Just as school bells have evolved over time from a brass bell rung by hand to a computerized tone from a speaker system, education from pioneer days to the present has progressed dramatically. An historical exhibition featuring photographs and artifacts titled “From A to Z – Schools in Box Elder County, Past and Present” will be on show at the Brigham City Museum April 1 through June 10. Admission is free.
The museum is located at 24 North 300 West. Admission is free. Hours are Tuesday through Friday from 11 a.m. to 6 p.m. and Saturday from 1 to 5 p.m. For further information, please phone (435) 226-1439 or visit www.brighamcitymuseum.org.
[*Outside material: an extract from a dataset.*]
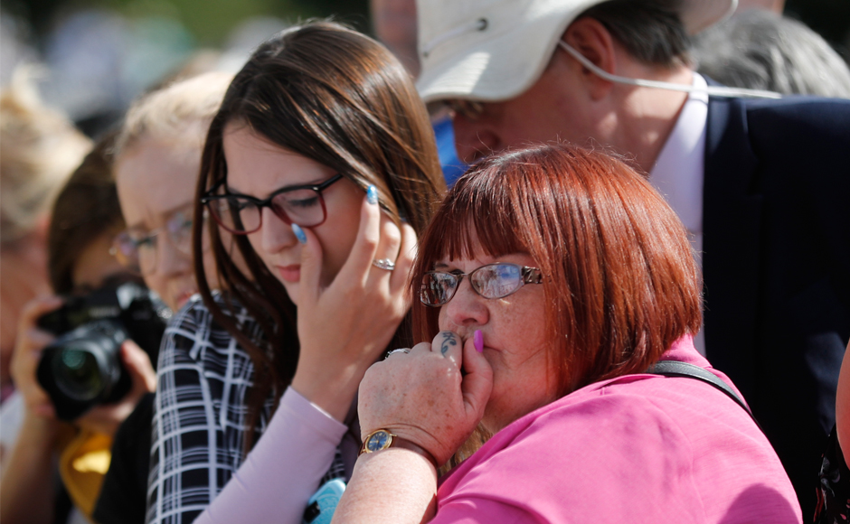 A woman pays tribute to the late Princess Diana above the Pont de l’Alma tunnel in Paris. Even though Diana fell out with the royal family after her divorce, her star status remained undimmed in the public’s eye, with her reputation sealed as a fashion icon, charity campaigner, humanitarian and a self-styled “queen of hearts”. AP

In March 1851, William Davis, his family and a few friends settled in Shoshone Indian Country near Box Elder Creek. Parents were the first educators in the area, and the Bible was their textbook. Two years later, Henry Evans, who was the first school teacher in Box Elder, walked from house to house teaching children their ABCs. In 1853, a log cabin schoolhouse was built next to the Box Elder Fort at 300 North and 200 West. Parents paid their children’s tuition directly to the teacher in cash or produce from their farms. A pioneer named Nels Madsen wrote, “[The teacher] received cash or carrots.” In 1861, religious leader Brigham Young asked William Watkins to teach all ages in the courthouse.
Young divided Box Elder, later named Brigham City, into four wards in August 1877 using Forest and Main streets as a focal point. Each ward was responsible for building a school and employing a teacher. Joseph Moroni Jenson was one of the teachers. The schools were named Webster, Whittier, etc.